MongoDB study notes (six, MongoDB copy sets and slice)

table of Contents:

  • MongoDB deployment model
  • MongoDB can copy set
  • MongoDB separate read and write
  • Slice architecture deployment
  • Best Practices

MongoDB deployment models:

Single -> Set replicable -> slice cluster

MongoDB can be copied sets:

The method of copy sets can be distributed among multiple nodes and maintenance data MongoDB; it can copy the data from one node to the other nodes, and when modifying data synchronization.

Prior to version 3.0 called the shots from copying, 3.0 + recommended to copy this set.

 

1. Why use a replication set, what are the benefits?

  • It may be possible to avoid data loss, protect data security, improve system security. (At least three nodes, maximum 50)
  • It has automated disaster recovery mechanism, after the primary node goes down will elect a new master node, to improve the robustness of the system. (7 election node limit)
  • Separate read and write, to improve system performance.

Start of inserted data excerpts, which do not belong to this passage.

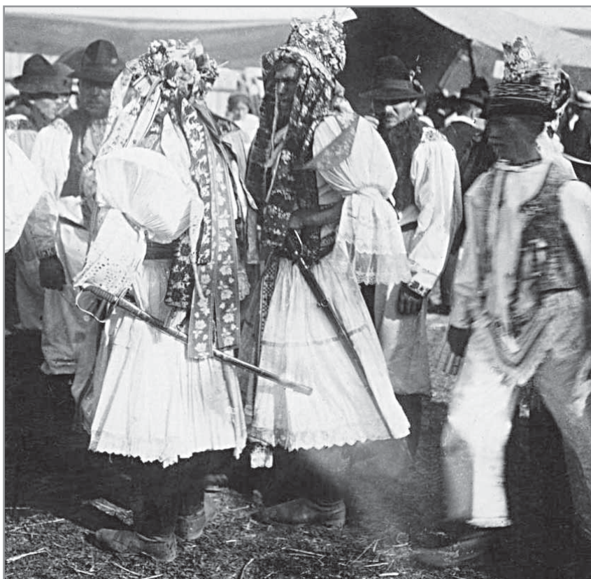
Obr. 2. Pobočníci z jízdy králů v Hluku, 1928. Ze sbírek Slovákckého muzea v Uherském Hradišti.

V lidových výkladech, které se soustředily na genezi jízdy králů, se objevují reminiscence na nejrůznější domnělé i skutečné místní historické události, jež získaly trvalé místo v orální tradici, jak dokazují výzkumy u pamětníků v minulosti i v současnosti. V ústní tradici se objevuje motiv pozůstatku vybírání daní, 5 či útěk uherského krále v ženském přestrojení, 6 ke kterému se vztahuje například i zápis pořizovaný v Hluku v roce 1967: „ Král sa mosí dycky převléct. Byl dycky v ženských šatoch. Král sa chtěl dostat přes hranice nebo kde, a aby sa tam dostál a nepoznali ho, tož sa převlékl do ženských šatů. Aby ho nezebrali. Král a ti jeho dvá pobočníci, to byli dycky tři menší chlapci. “ 7 U většiny tradičních obyčejů lze předpokládat vícevrstevnatost jejich vývoje, což platí i pro jízdu králů. Nemůžeme sice zcela vyloučit některé hypotézy, s určitostí však můžeme pracovat pouze se zmínkami a s doklady, které v případě Hluku nepřesahují hranici sto padesáti let.
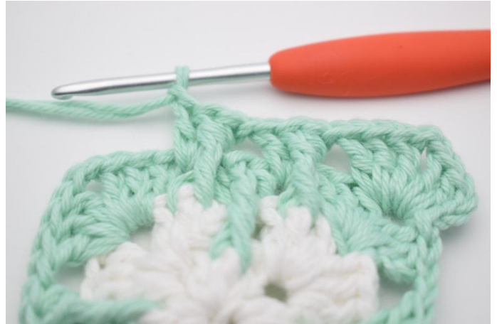
6. Gjenta i neste lm-mellomrom.
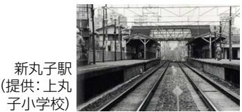
新丸子駅
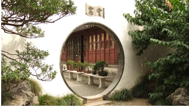
Zdjęcie nr 1. Brama księżycowa w ogrodzie Master of Net w Suzhou.
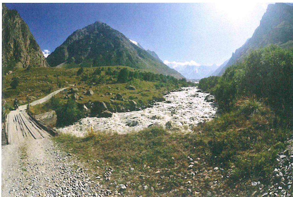
2. Мост 1.
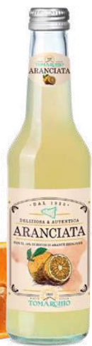
ARANCIATA con il 20% di succo di Arance Siciliane With Sicilian Orange juice
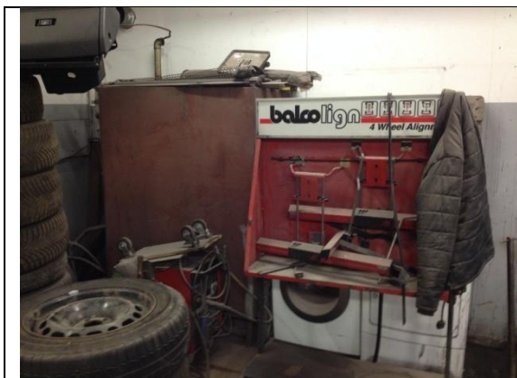
Foto 1 overjordisk tank til oliefyr
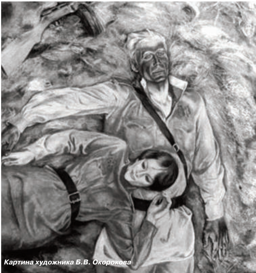
Картина художника Б.В. Окорокова

Где-то внизу сиротливо темнела развороченная туша «тридцатьчетверки», ствол высунутым языком свисал к земле. Сорванная снарядам башня лежала рядом с распластавшимся змейй гусеничным трактом.
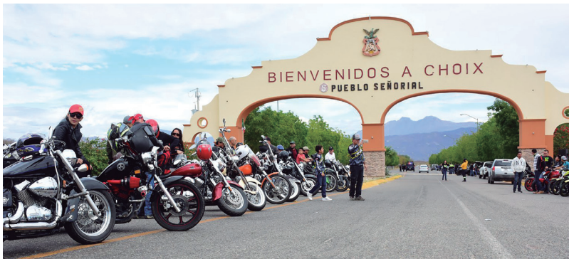
Recorrido anual por Choix del Club de Motos Harley.

A orillas de la presa, en el palmar “Lake Huites”, lugar de encanto, magia y encuentro del arte y la cultura donde la comunidad cultural
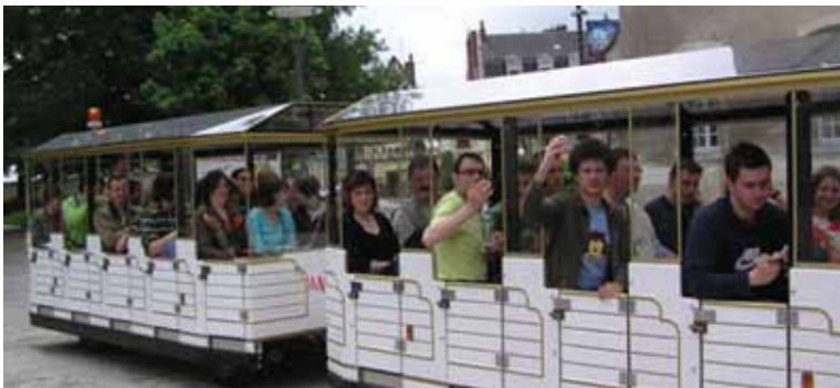
Ogledovanje znamenitosti s turističnim vlakcem, Francija, 2006
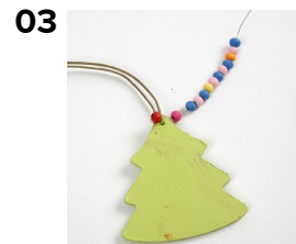
03 Pujota puuhelmiä kukkalankaan.
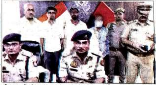
पुलिस लाइन में अवैध पटाखा का अनावरण करते एसपी।

■ बरामद किए गए 216 गत्ता विभिन्न ब्रांड के पटाखे का बाजार मूल्य करीब एक करोड़ बताया जा रहा : एसपी
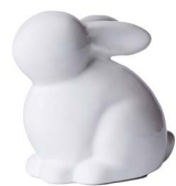
Cod: CK 873 Des: Coniglio piccolo in ceramica Note: 9x5,5x9cm
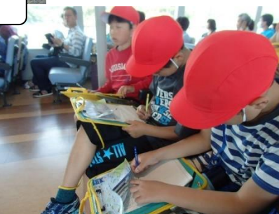
学んだことをたくさんメモしていました！えらい！
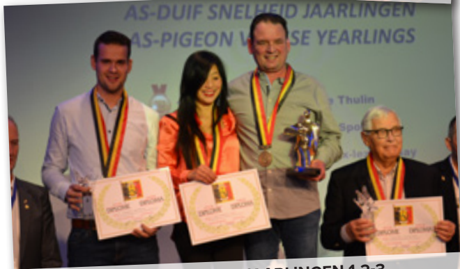
AS-DUIF SNELHEID JAARLINGEN 1-2-3
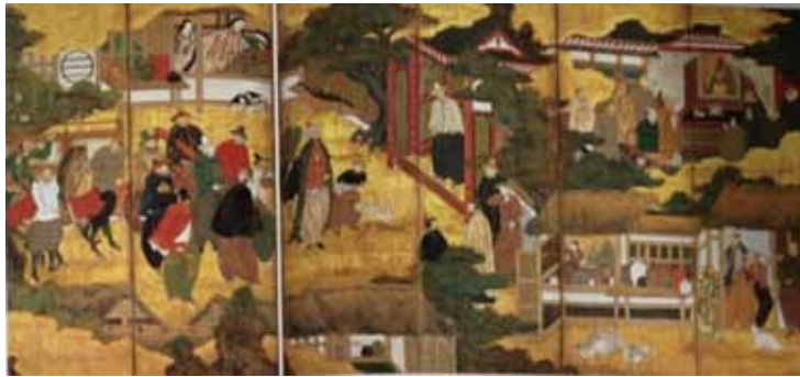
「南蛮屏風」右隻（静岡来迎院旧蔵）宮内庁三の丸尚蔵館蔵
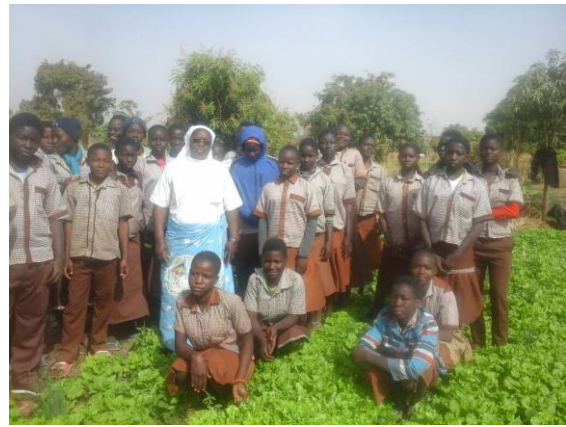
Jardín escolar del Liceo de Lougsi
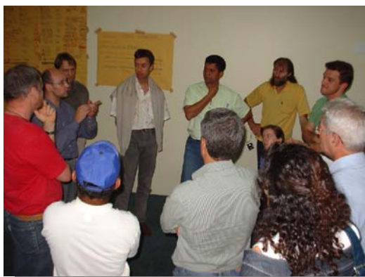
Reunión de personal de FLO, Iniciativas Nacionales y Organizaciones de Productores de Brasil, Vitoria (ES) Brasil, 27/sept/2006

En los últimos meses ha habido una rica variedad de reuniones y Asambleas de las Coordinadoras Nacionales y Redes de Producto de la CLAC. Nos llegaron noticias de países tan variados como Brasil, Guatemala, Nicaragua, Honduras, Perú, República Dominicana, México y Colombia y por otro lado de productos como banano, café, miel y cacao.
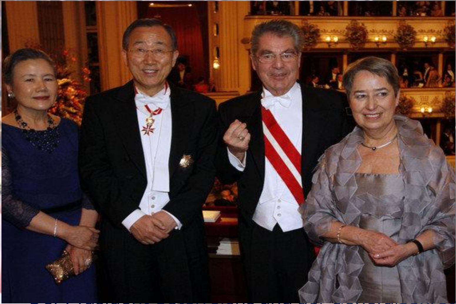
Bei der UNO Ban Ki-Moon sind bei dem Wiener Ball anwesend
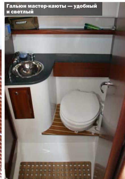
Галюн мастер-каюты — удобный и светлый
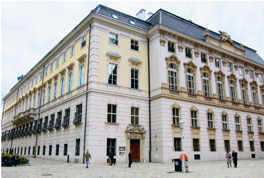
Abb. 7 Das Haus-, Hof- und Staatsarchiv am Minoritenplatz im I. Wiener Bezirk, errichtet 1899–1902.

spiel. 77 Einzelne Funktionseinheiten in diesem Handlungs- und Entscheidungssystem sind besser erforscht als sein Gesamtgefüge, in das unbedingt auch seine höfischen Bezüge, Parteien, Gesandte, Advokaten und Sollizitatoren einzubeziehen sind. 78 Der Reichshofrat jedenfalls bildete ein für die kaiserliche Rechtsprechung, aber auch für die Verwaltung der Reichslehen sowie für Teile der Privilegien- und Gratialsachen zuständiges Justizkollegium. 79 Formiert seit etwa der Mitte des 16. Jahrhundert aus den Hofräten Karls V. und Ferdinands I., 80 kann er sowohl als eine Art Prototyp für frühneuzeitliche herrschernahe
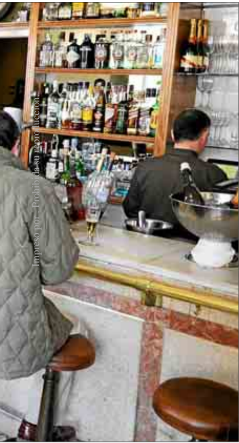
La barra genuina del Café Murillo, frente al Botánico.

Programación. Toda la información en www.madrid.org .
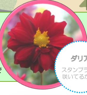
ダリア スタンプラリー 咲いてるかな?

スタンプは、『はっぱマーク』のところにあるよ。 ★プレゼントの交換は、入園ゲートにて16:00まで
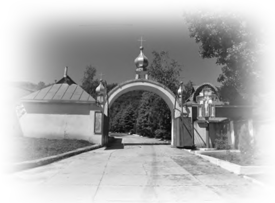
Poarta centrală a mănăstirii Japca, 29 mai 2014.

„Să ne ajute Dumnezeu Atotștiutorul să mergem cu smerenie pe calea strâmtă și spinoasă a vieții monahale pe care am ales-o și să trecem prin poarta strâmtă a vieții” Statutul mănăstirii de maici Înălțarea Domnului din Japca
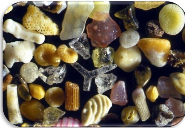
Пісок під мікроскопом

ПІСОК — один з найпоширеніших ресурсів нашої планети. Він утворився з осадових гірських порід, які впродовж мільйонів років подрібнювалися під впливом вітру, води і сонця. Діаметр піщинок від 0,05 мм до 2,5 мм. Піщинки — це фрагменти розмитих гірських порід, виверження вулканів, мертвих організмів і навіть рукотворних зруйнованих об'єктів.
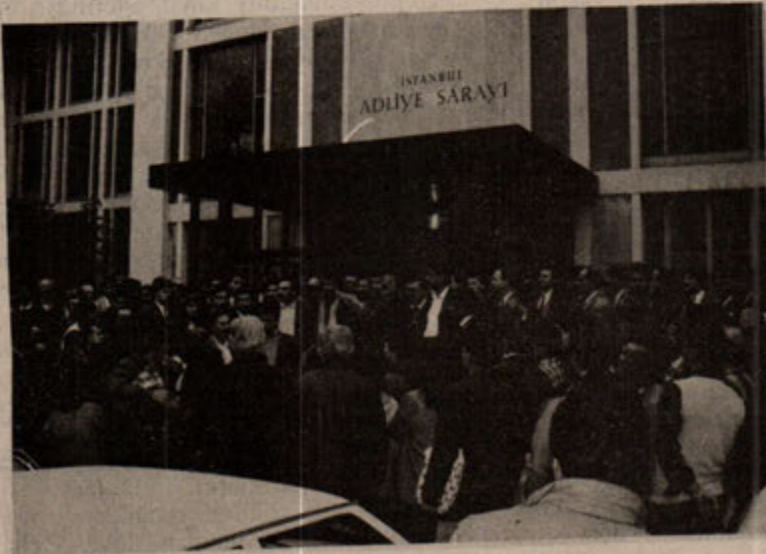
Avukatlar basın açıklamasında.

Önce bu tabutlukları alayıp-pullayıp reklamlarda "lüks odalar" olarak lanse ettiler. Cezaevi uygulama-
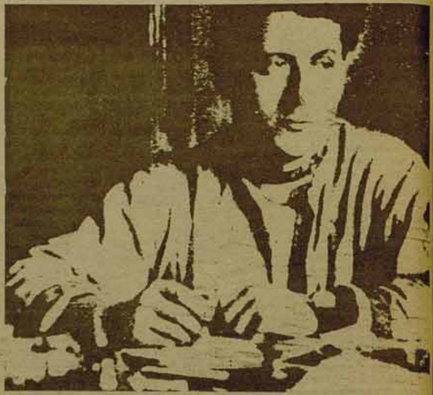
Andreu Nin en el origen del POUM

4) En cuanto a las "faltas gravísimas del POUM" en la revolución española, la discusión sigue abierta y,
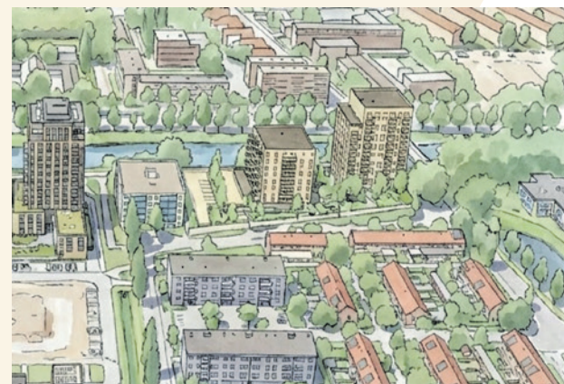
Op de plek van het oude woonzorgcentrum De Liendert aan de Zwaluwenstraat wil Portaal appartementen bouwen. Dit schetsontwerp geeft een beeld van de plannen. Het ontwerp moet nog uitgewerkt worden (bron: Herijking kaders project Zwaluwenstraat).

De commissie bereidt zich nu voor op besluitvorming over het voorstel. Als de raad instemt, kan Portaal het plan verder uitwerken. Daarbij wordt de omgeving opnieuw betrokken.
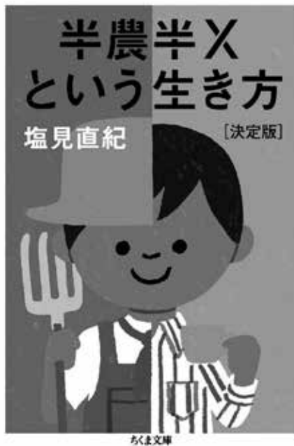
図1 『半農半Xという生き方』の書影
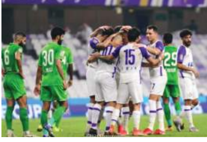
اتحاد كلباء X العروبة
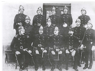
O Corpo de Bombeiros Voluntários da Estação de Incêndios n.º 3 de Carcavelos, após a inauguração do seu novo Quartel.
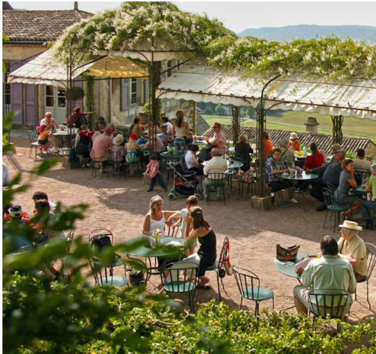
LA TERRASSE PANORAMIQUE DU RESTAURANT

Pour les amateurs d'ouvrages sur les arbres, les plantes, l'art des jardins et la nature - avec des étagères consacrées aux éditions pour les enfants - comme pour ceux qui aiment les livres sur les coutumes, les traditions et l'art de vivre de la région... Mais aussi pour ceux qui recherchent des objets de décoration qui sortent de l'ordinaire, dont une belle collection déco en buis... La boutique-librairie de Marqueyssac est un passage obligé !
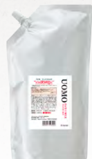
ウオモ フェイスミルク (乳液) 1,000mL
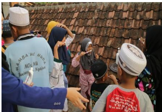
Gambar 3. Pelatihan 7 Langkah Cuci Tangan

Selanjutnya penyerahan hadiah bagi murid TPQ Riyadlul Qur'an II sebelum pulang ke rumah masing-masing
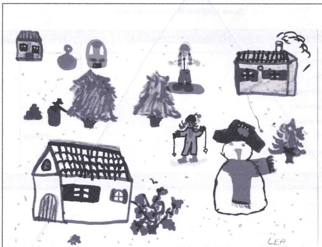
Dessin réalisé par Léa Germain . " neige à L'Epine"
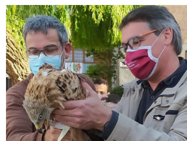
Alliberament d'un milà reial durant l'acte de presentació del Pla de Biodiversitat
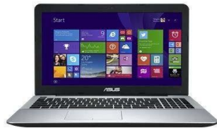
Gambar 2. Intel Core i7-5500U CPU

Perancangan video ini menggunakan beberapa peralatan pendukung, diantaranya Intel Core i7-5500U CPU , Camera 750D , Tripod , Hardisk 1 TB , dan SdCard . Perancangan ini mengambil gambar di dalam maupun di luar ruangan.
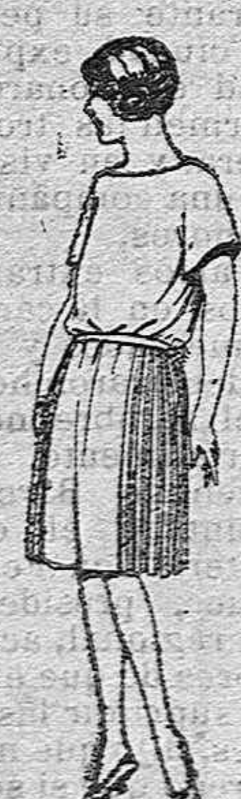
Vestidos de sarga inglesa, gabardina, etc., en azul y color, adornado de pespunte seda. de ptas 55 a 70
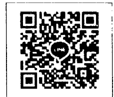
QR-Code เพื่อสอบถามข้อมูล
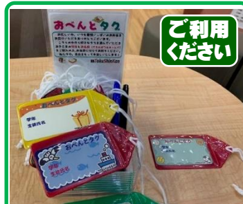
温かいお弁当を届けていただける保護者のみなさまに おべんとタグ を配布中。ぜひご利用ください!

その答えは、毎日やることです。覚えたいものを毎日「やる」ことです。単語や漢字であれば「書く・読む・見る」、歴史や年号であれば「ストーリーを確認する」など、自分が再現したいと思っている「行為」を毎日行いましょう。何時間やるとか何回やるとかそんなことよりも、毎日やるのが一番効果的です。なぜゲームの知識はすぐに頭に入るのか、それは毎日(もしくはそれに近いペースで)やるからです。これは暗記物だけではなく、ほかの内容にも通じることです。少しでもいいので毎日やるのが近道なのです。〔金子祐太〕
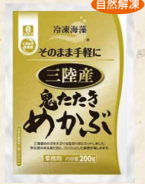
41 冷凍海藻そのまま手軽に鬼たたきめかぶ三陸産 200g
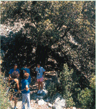
Δρυς η κληθρόφυλλη

2, may build a copy of the set:

a, installation of three or more MongoDB

b, configure mongodb.conf

Replication:
   // cluster name 
  replSetName: name
   // oplog size 
  oplogSizeMB: 50

c, running on the primary node can copy the initial command sets

// copy set initialization 
rs.initiate ({
     'the _id': 'name' ,
     'Version':. 1 ,
     'Members': [{ '_ ID': 0, Host: 'IP: Port' }] 
}) 

// add child node 
rs.add ( 'IP: Port' ) 
rs.add ( 'IP2: Port')

d, running rs.Status () or rs.isMaster () command to check the status of copy sets.

3, you can copy and principles set architecture:

a, oplog: operation record and save timestamp.

b, data synchronization: holding long polling from the master

  • View the latest timestamp native oplog from node
  • Check the master node oplog in later than this time stamp documents
  • Load these documents, and write according to log execution

c, heartbeat mechanism: once every 2 seconds heartbeat, found to elections and after failover fault.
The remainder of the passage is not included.